Other join processing and grouping techniques have been proposed to minimize the number of remote requests required, and to develop an effective solution for source selection in the absence of pre-processed metadata. In particular, frameworks have been proposed that enable SPARQL query processing on heterogeneous, virtually integrated Linked Data sources.
The present invention, at least in certain embodiments, advantageously provides a way for a user to perform SPARQL queries on a set of linked ontologies without needing to know the names of the ontologies, the location at which they are stored, or how they are internally structured.
The subject matter claimed herein is not limited to embodiments that solve any disadvantages or that operate only in environments such as those described above. Rather, this background is only provided to illustrate one exemplary technology area where some embodiments described herein may be practice.
SUMMARY OF INVENTION
The present invention relates to a system and method for distributed querying of linked semantic webs.
One aspect of the present invention provides a system (100) for distributed querying of linked semantic webs (110) comprising at least one LOD ontologies index (120) comprising LOD ontologies and metadata relating to the LOD ontologies; at least one concept index (130) comprising concepts and corresponding URIs; at least one relation index (140) comprising relations and corresponding URIs; at least one query interface (160) for entering SPARQL queries; and a distributed query engine (150) in communication with the LOD ontologies index (120), concept index (130) and relations index (140) and adapted to receive queries from the query interface (160).The distributed query engine (150) is adapted to parse and rewrite queries received from the query interface (160) and generate a plurality of sub-queries; identify dependencies within the sub-queries and chunk sub-queries based on ontology; execute sub-queries by sending to relevant source ontology; and merge results obtained from execution of the sub-queries. In another aspect the invention provides a system (100) wherein the metadata included in the LOD ontologies index comprises one or more of namespace(s), vocabulary used (RDF, OWL, SKOS, etc.), properties and domain ranges information, and SPARQL endpoint.

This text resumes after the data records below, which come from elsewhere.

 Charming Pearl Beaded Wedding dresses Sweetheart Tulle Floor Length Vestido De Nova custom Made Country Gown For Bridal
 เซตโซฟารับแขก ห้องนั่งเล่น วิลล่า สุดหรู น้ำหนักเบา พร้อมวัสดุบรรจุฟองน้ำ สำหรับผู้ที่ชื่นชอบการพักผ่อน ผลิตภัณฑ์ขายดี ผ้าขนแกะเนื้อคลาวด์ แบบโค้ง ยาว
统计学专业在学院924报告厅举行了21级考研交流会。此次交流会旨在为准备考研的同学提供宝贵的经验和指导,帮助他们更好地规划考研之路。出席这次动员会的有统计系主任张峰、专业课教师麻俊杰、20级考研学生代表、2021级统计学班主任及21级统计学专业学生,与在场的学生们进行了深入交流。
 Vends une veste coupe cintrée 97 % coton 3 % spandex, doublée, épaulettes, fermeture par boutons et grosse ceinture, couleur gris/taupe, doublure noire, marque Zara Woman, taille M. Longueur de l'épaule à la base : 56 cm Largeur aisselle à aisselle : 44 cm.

In a further aspect the invention provides a system wherein the metadata included in the LOD ontologies index is in the form of a database table, knowledge base and/or text file.

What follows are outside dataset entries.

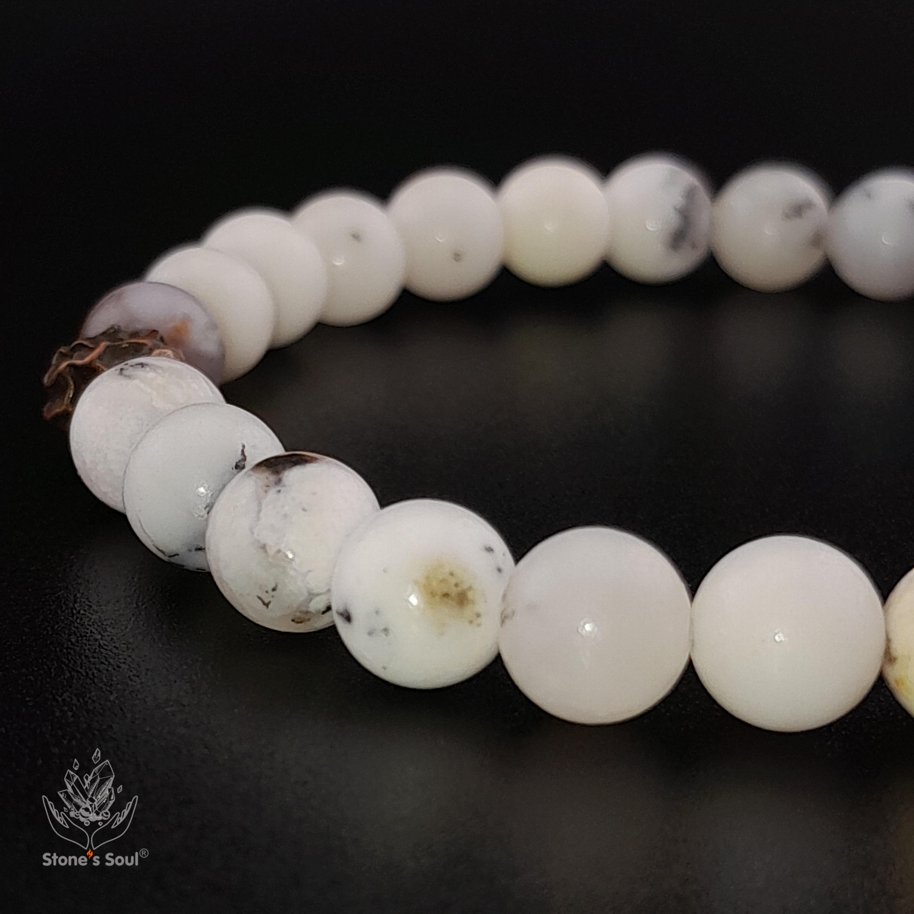 Браслет из натуральных камней: белый дендрик...
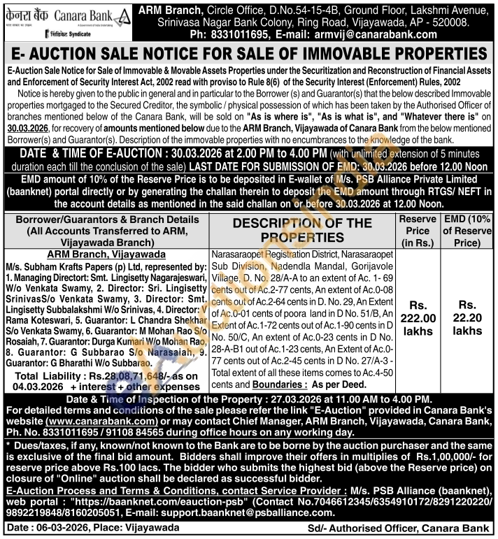Narasaraopet Registration District, Narasaraopet Sub Division, Nadendla Mandal, Gorijavole Village, D. No. 28/A-A to an extent of Ac. 1-69 cents out of Ac.2-77 cents, An extent of Ac.0-08 cents out of Ac.2-64 cents in D. No. 29, An Extent of Ac.0-01 cents of poora land in D No. 51/B, An Extent of Ac. 1-72 cents out of Ac. 1-90 cents in D No. 50/C, An extent of Ac.0-23 cents in D No. 28-A-B1 out of Ac. 1-23 cents, An Extent of Ac.0-77 cents out of Ac.2-45 cents in D No. 27/A-3-Total extent of all these items comes to Ac.4-50 cents and Boundaries: As per Deed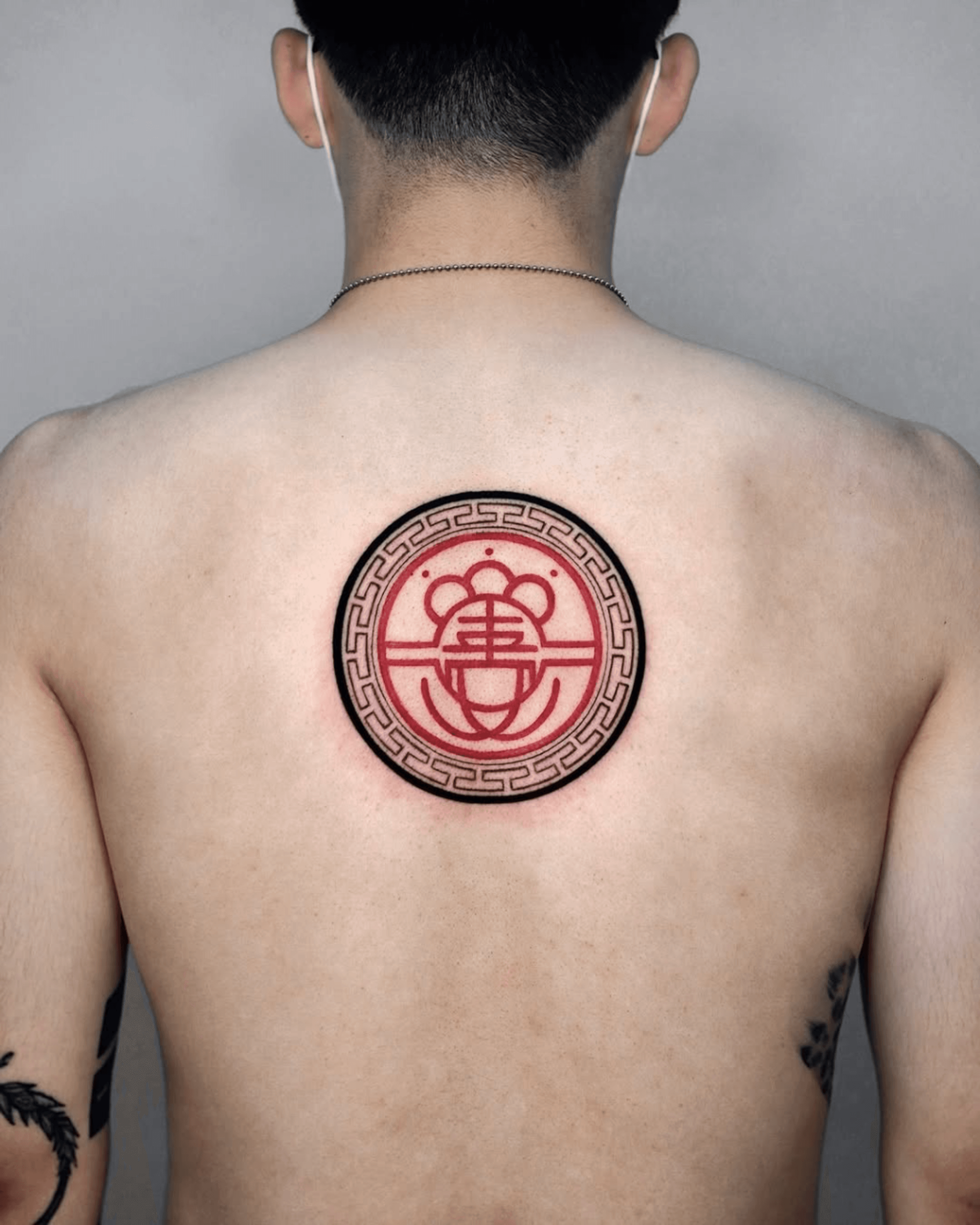 This tattoo is a design of a traditional Korean family name on a man's back. It features a traditional Asian design in red and black. The inner circle contains stylized characters surrounded by intricate patterns and concentric circles. The black outline creates a sharp contrast with the red elements.

In yet another aspect the invention provides a system wherein the concept index and the relation index are incorporated into a single index.
In still another aspect the invention provides a system wherein the concept index includes classes and instances.
In a further aspect the invention provides a method (200) for distributed querying of linked semantic webs (110) comprising receiving an initial query from a user (210); parsing the query (220) and replacing generic terms (230); breaking the queries into sub-queries and chunking the sub-queries (240); executing the sub-queries (250) based on ontology; and merging the results obtained (260) to determine whether an answer is reached (270 and, if so, returning the answer (280) to the user. The method for breaking the queries into sub-queries and chunking the sub-queries (240) further comprises steps of selecting a clause in a query (241); determining the ontology of terms (242) and variables in the query clause (243); determining whether a variable is dependent (244); if the variable is not dependent, identifying any other clauses querying the same ontology (245) and grouping the clauses into a sub-query (246) or, if there are no other clauses querying " the same ontology, establishing a new sub-query (247); if the variable is dependent, determining whether the dependent clause queries the same ontology (248) and, if the dependent clause does query the same ontology, grouping it into a sub-query (246) and, if not, sequencing it as a sub-query after the dependent clause (249).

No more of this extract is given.